Douglas’s mother, Ja’Ka McKnight, sat in the courtroom Monday morning as the now-17-year-old appeared for the last time.

Tears streamed down McKnight’s face as she told Judge Wytonja Curry she never supported the indefinite probation sentence and did not want her son’s killer to walk free without serving jail time.

“Since day one, I’ve been against releasing,” McKnight told the Post. “I’ll allow God to be God … Whatever the court allows it to be, I’m allowing it to be.”

Curry reportedly sided with the defense, noting the teen had completed court-ordered services and improved in school, and formally closed the case. The ruling ended years of probation in a case that highlighted youth violence in the area and left Douglas’s family questioning Maryland’s juvenile justice system.

Seated between his lawyer and mother, the teen told the judge he had changed since the shooting, the Post reported.

“I’m a changed person.
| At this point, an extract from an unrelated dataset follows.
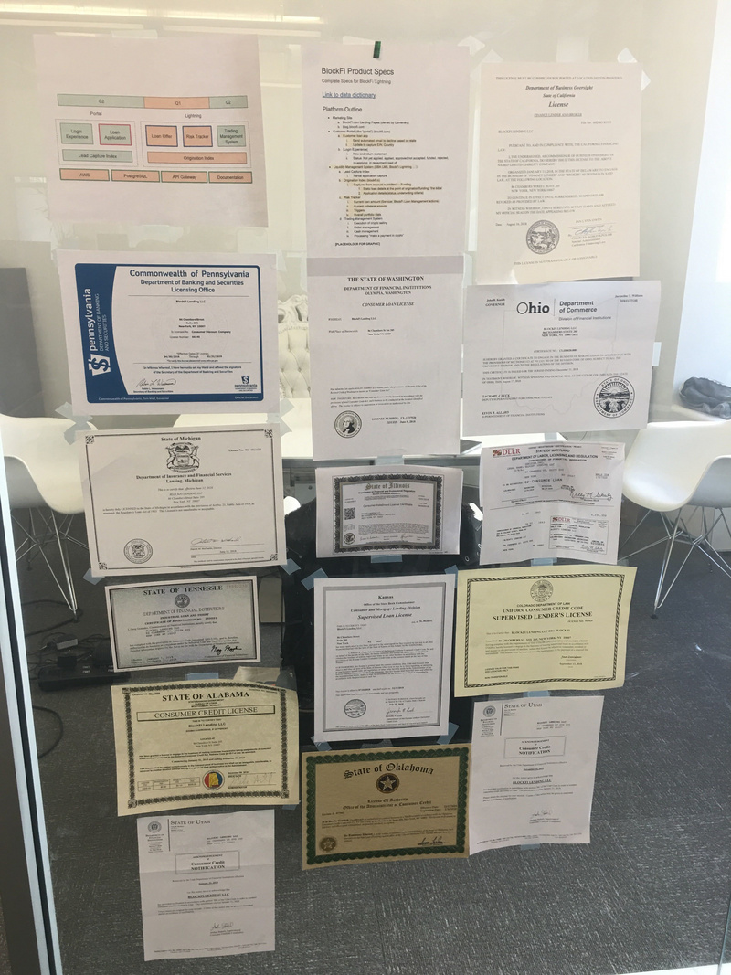 BlockFi 的一些州贷款许可证在其办公室展出

I was 12 years old when it happened … Life hit me all at one time,” he said.

Prosecutors nearly ended his probation more than a year ago, but they discovered online videos of him rapping about gun violence and other crimes, according to the Post. At a May 2024 hearing, Lynn Celestin-Antonin, head of the county’s youth justice unit, said the teen had “treated probation like a joke,” prompting the court to extend the terms.

McKnight has repeatedly criticized what she and prosecutors described as a lenient punishment, calling it “a slap on the wrist.”

While on probation, the teen lived at home under conditions that included anger management and family counseling, according to the Post. (RELATED: Town Passes New Law That Could Jail Or Fine Parents Whose Kids Cause ‘Public Disturbance’)

McKnight has since joined other grieving mothers in advocacy work and says she will continue in her son’s memory, the Post reported. She has called for tougher accountability for juvenile offenders, citing proposals such as allowing 14-year-olds in Washington, D.C., to be tried as adults for certain crimes — a measure supported by congressional Republicans and the Trump administration.